What if "wild" wasn't something to tame?

When your child melts down in the supermarket, refuses to sit still at the dinner table, or seems to operate at a volume and intensity that exhausts everyone around them, the world whispers (or shouts): "They need to be controlled. Calmed. Fixed."

But what if that "wildness" isn't a problem at all?

What if it's a signal, a message from a nervous system doing exactly what it was designed to do: protect, survive, and communicate needs that haven't yet been met?

This is the heart of Kaya Lyons' work. As a trauma-sensitive Occupational Therapist, author, speaker, and founder of Active OT For Kids and Camp Reset, Kaya has spent years helping families, educators, and therapists reframe the way we see big emotions, ADHD, and so-called "behaviours."

In this episode of Neurodivergent Pulse, Kaya introduces us to The Wilderness Within, a powerful metaphor for understanding our nervous system, our protective responses, and the untamed, free parts of ourselves that are so often misunderstood.

Through the lens of polyvagal theory, play, movement, and connection to nature, this conversation invites you to meet yourself (and your child) with curiosity instead of judgment.

Because the wilderness within isn't something to fear. It's something to understand.

"The Wilderness Within": a metaphor for your nervous system

Kaya's concept of The Wilderness Within is simple yet profound. It's a way of understanding our internal landscape – our emotions, our protective responses, our capacity for safety and connection – through the imagery of nature.

Just as a forest has seasons, weather patterns, and ecosystems that shift and adapt, so too does our nervous system. Sometimes we're in a sunny meadow, calm and connected. Other times, we're in a storm, overwhelmed and dysregulated. And sometimes, we're in survival mode, deep in the wilderness, trying to make it through.

For children with ADHD, this wilderness can feel especially untamed. Their nervous systems are more sensitive to stimuli, quicker to shift states, and slower to return to calm. What looks like "bad behaviour" is a nervous system in protection mode, doing exactly what it's designed to do.

Kaya explains that when we understand this, we can stop trying to "fix" the child and start asking: "What is their nervous system trying to tell us?"

This shift – from correction to curiosity – changes everything.

Polyvagal theory: understanding safety, connection, and survival

At the core of Kaya's work is polyvagal theory, developed by Dr Stephen Porges.

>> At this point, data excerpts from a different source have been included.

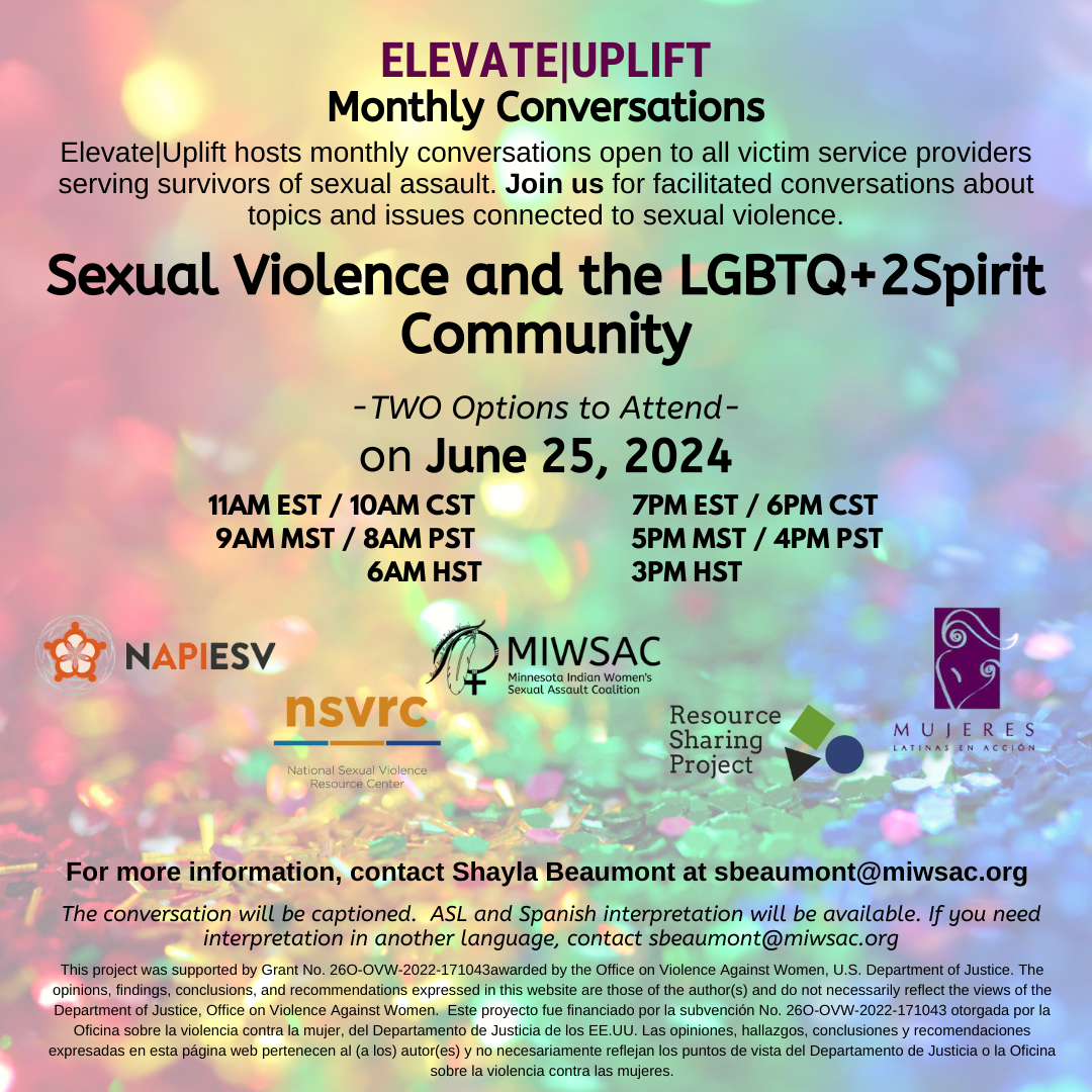 Elevate|Uplift is a National Technical Assistance Project that consists of National Technical Assistance Organizations, including National Asians and Pacific Islanders Ending Sexual Violence, The Resource Sharing Project, National Sexual Violence Resource Center and Minnesota Indian Women's Sexual Assault Coalition. The goal of our Community Conversations is to connect and discuss topics with participants who are working in the Sexual Violence Movement. To discuss and problem solve or reach out for more education, resources and trainings. June's topic titled: Sexual Violence and the LGBTQ+2Spirit Community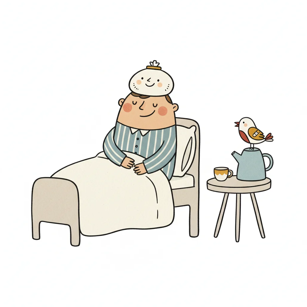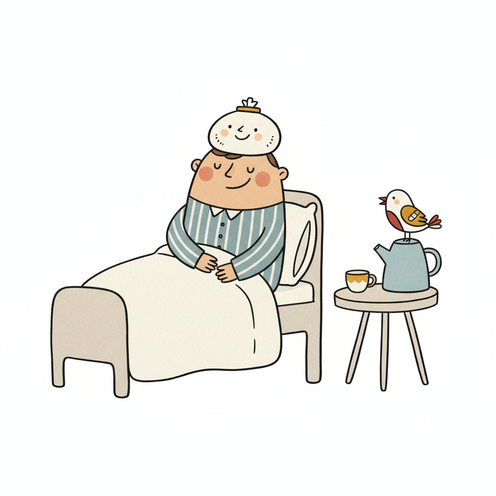 Kranker Mann im Bett mit Wärmflasche auf dem Kopf, daneben Teekanne mit Vogel und Tasse.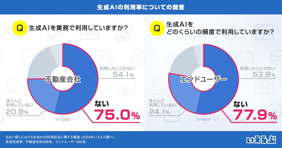 1.不動産会社とエンドユーザーの生成AI利用率、75%以上が利用していないと回答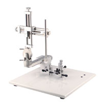 Stoelting創(chuàng)造性在的一個基座上放置兩個定位單元,每個單元都帶有獨立的耳棒。通過引導(dǎo)螺紋,操作臂可以控制左右和上下方向的移動;前后控制通過楔形榫頭來進行,在每個方向上都可以移動80mm 。耳棒的高度可以獨立調(diào)節(jié),垂直方向的刻度采用了激光雕刻技術(shù),能夠非常新晰的讀出耳棒的高度。輕質(zhì)的聚甲醛樹脂耳棒,前端逐漸變細;特殊設(shè)計的下頜夾持器;非植入性橡膠頭。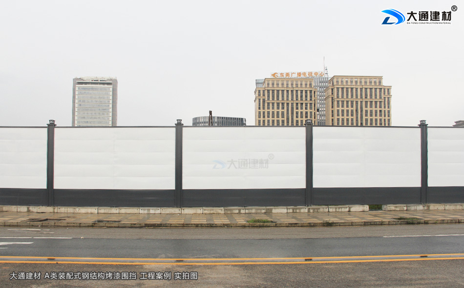 東莞城市建設(shè)圍擋使用大通建材裝配式鋼結(jié)構(gòu)圍擋烤漆A款定制4米高+圍擋基礎(chǔ)塊把施工場所圍起來,為施工安全貢獻(xiàn)一份力量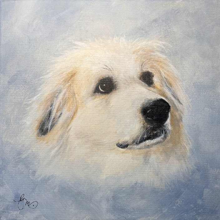 Pet Portraits are available for $175 — The 12″ x 12″ Canvas is stretched over wood frame. If you’re considering a Pet Portrait, please contact me if you have any questions.
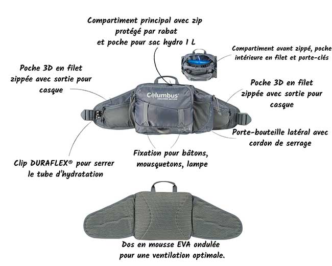 La ceinture d’hydratation Hip Belt 1 L est idéale pour le trecking, le vélo et toute autre activité plein air.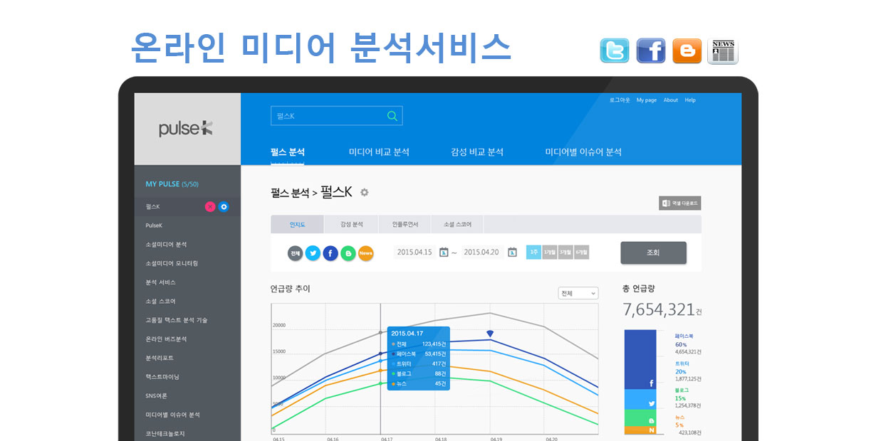 펄스K는 소셜미디어상에서 자발적으로 이루어지는 기업브랜드에 대한 소비자들의 평판을 실시간으로 수집하고 분석하여 숨어 있는 Needs를 쉽게 파악할 수 있도록 돕고 실시간 대응이 가능한 소셜미디어 모니터링&분석 서비스입니다.

This framework helps us understand how our nervous system responds to safety and threat, and why our children (and ourselves) sometimes react in ways that seem disproportionate or confusing.

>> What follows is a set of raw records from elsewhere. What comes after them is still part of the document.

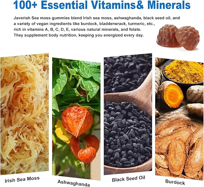 - 13 in 1 Superfood Gummies : Javeriah Sea moss gummies are packed with over 100 essential vitamins and minerals plus an immunity blend to increase nutrient absorption by 50%. Our 100% vegan superfood gummies are a perfect combination of natural ingredients including Irish Sea Moss,Black Seed Oil, Ashwagandha, etc. 13-in-1 sugar-free gummies are a healthier alternative to traditional gummies.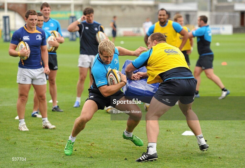 22 July 2011; New Leinster signing Fionn Carr is tackled by Heinke van der Merwe during an open training session ahead of the 2011/12 season. Tallaght Stadium, Tallaght, Dublin. Picture credit: Brendan Moran / SPORTSFILE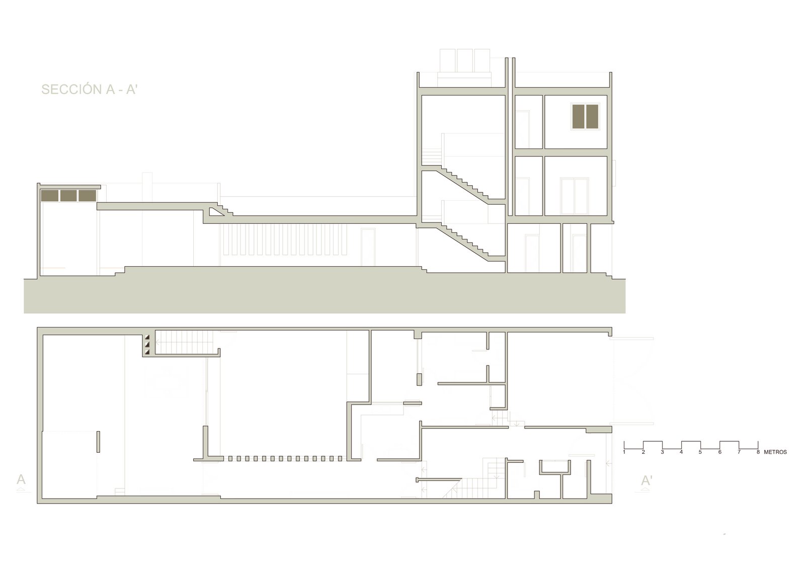 Por ser una casa entre medianeras se optó por una estructura tradicional de muros portantes, disponiendo los locales en una cuadricula, subdividiéndola según la proporción de cada ambiente. Los muros de carga son recortados en la fachada principal por moderadas aperturas hacia la calle. Una substracción en la segunda planta genera una terraza limitada por muros altos que protege de la calle los ambientes que ahí se ubican.

Polyvagal theory identifies three main states:

  • Ventral vagal (safe and social) – This is our "green zone." We feel calm, connected, and able to engage with others. Our nervous system feels safe.

  • Sympathetic (fight or flight) – This is our "yellow zone." We're activated, alert, and ready to respond to threat. For kids with ADHD, this looks like hyperactivity, impulsivity, or rejection sensitivity and emotional overwhelm.

  • Dorsal vagal (shutdown) – This is our "red zone." We're overwhelmed, disconnected, and in survival mode. This looks like withdrawal, dissociation, or complete shutdown.

For neurodivergent children, especially those with ADHD, the nervous system can shift between these states more quickly and intensely than neurotypical children. What might seem like a minor frustration to an adult can feel like a full-blown threat to a child's nervous system.

Kaya reminds us that behaviour is communication. When a child is "acting out," they're not being defiant. They're showing us that their nervous system doesn't feel safe.

Our job isn't to punish or control. It's to help them feel safe again.

Why "wild" can be a strength

In a world that values compliance, stillness, and predictability, children who are loud, energetic, and emotionally expressive are labelled as "difficult" or "disruptive."

But Kaya challenges this narrative. She asks us to consider: What if that wildness is a strength?

Children with ADHD are deeply creative, passionate, and attuned to their environment. Their energy, when channelled and supported, can be a source of innovation, connection, and joy. Their sensitivity, while overwhelming at times, also means they feel deeply, love fiercely, and notice things others miss.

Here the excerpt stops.